A vital aspect of the Fulbright Program’s history is showing how the program influenced changes, especially in the development of academic fields. The field of research emphases in awards reveals how tensions between the United States and Australia could surface in regard to what might be seen as changing national preoccupations. Australia at first struggled to attract humanities and social science scholars as it was not seen to be very attractive, and Americans preferred Europe or countries in Asia. Fulbright awards were nevertheless valuable in developing fields that made Australia the focus of study, e.g. Australian literature.
During the Cold War the Fulbright Program was considered an effective arm of US ‘soft power’ and cultural diplomacy. The United States saw Australia as strategically valuable in the Asia-Pacific region of the world and under the Menzies Liberal Party government, Australia shared the US military and defence agenda. How could the Fulbright Program maintain its independence from government interference in the powerful force of Cold War geopolitics? Australia’s Fulbright board held strongly to the importance of independence and the role of academics to ensure that.
By the early 1960s the original Fulbright Agreement had expired and a new one was negotiated, as a bi-national agreement with the Australian government providing equal funding. This was signed in 1964, in the context of increasing military intervention in the war in Vietnam by both the United States and Australia. Under the ANZUS and SEATO treaties, signed the previous decade, Australia was a keen ally of the United States in Vietnam. The Fulbright Program and the Australia–US alliance were pursued simultaneously by the Australian government. Senator Fulbright visited Australia, criticised the alliance and became a leading dissenter to the Vietnam War. Academics on educational exchange also became active in the anti-war movement.
The Vietnam War posed significant challenges to academics on educational exchange who were expected under the Fulbright Program to be ambassadors as well as researchers. The CIA surveillance of the anti-war movement and political interference in the administration of the Fulbright Program from government caused academics in both Australia and America to defend the autonomy of the program. How did scholars interpret the ambassadorial expectation when they were opposed to their government’s foreign policy? Many also found they could not speak critically of their national government without antagonising their hosts. Living up to the Fulbright Program’s ideal of achieving ‘mutual understanding’ was very much a matter of learning by experience, to be interpreted by scholars for whom research was actually the priority.

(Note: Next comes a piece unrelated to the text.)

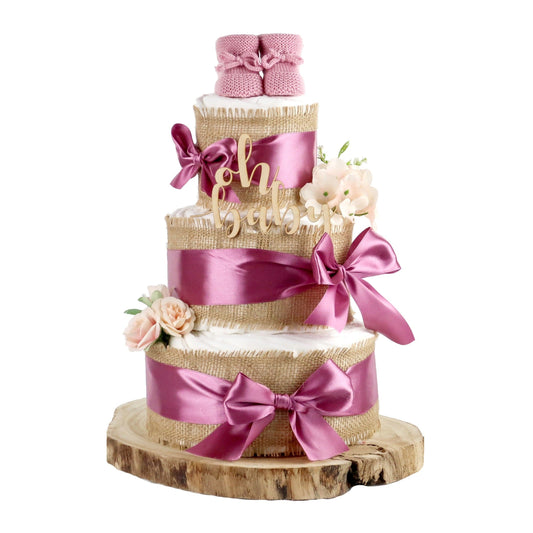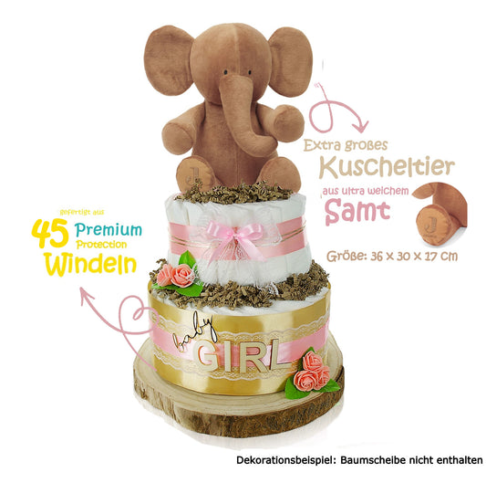 Große Windeltorte 2-stöckig | LITTLE PEANUT rosa | personalisierbar

Women were recipients of awards under the Fulbright Program from the first year of its existence in Australia. They were keen to take advantage of the opportunity for educational exchange and in doing so they changed the gender dynamics of universities. The Fulbright Program supported fields in Australia where more women were employed and that were not yet disciplines taught in the universities. Women academics were participants in creating new fields, and reorienting Australian higher education from its British orientation. They encountered discrimination within the administration of the program and it took a long time for women to be appointed to the board of the Fulbright Program, and until 1990 for the first woman to become its chair. From then on women increased their proportion of the awards being made.